# Problem description
Repeat the data word for word and skip the pictures.

# Data extract
__________________________________________________

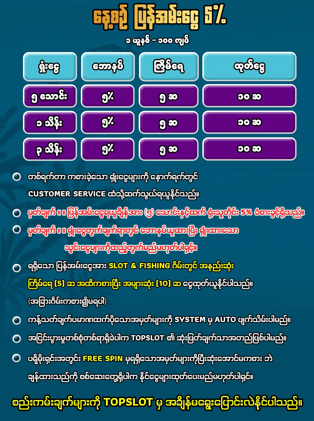 4. Once per person, per account, address, email, phone number, bank account, bank account name, IP used in the registration if verified and have duplicate information, or in case of abuse or multi-accounting, TOPSLOT.com has the right to cancel the promotion balance without notice to know in advance
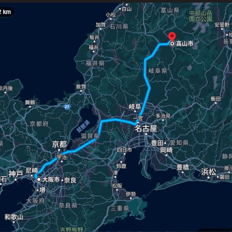 路線: 名神高速公路 → 東海北陸自動車道 → 高山IC
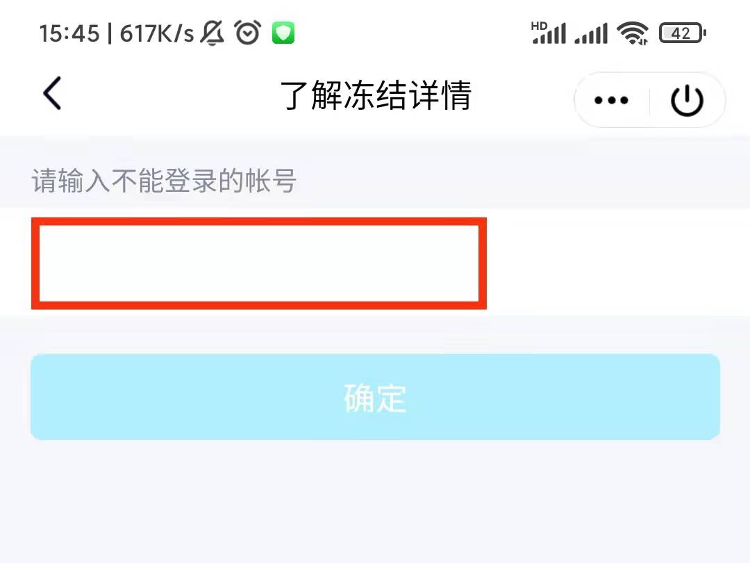 3、进入“了解冻结详情”页面,输入不能登录的账号了解详情,即可完成账号解封。

__________________________________________________

# Answer
 4. Once per person, per account, address, email, phone number, bank account, bank account name, IP used in the registration if verified and have duplicate information, or in case of abuse or multi-accounting, TOPSLOT.com has the right to cancel the promotion balance without notice to know in advance
 路線: 名神高速公路 → 東海北陸自動車道 → 高山IC
 3、进入“了解冻结详情”页面,输入不能登录的账号了解详情,即可完成账号解封。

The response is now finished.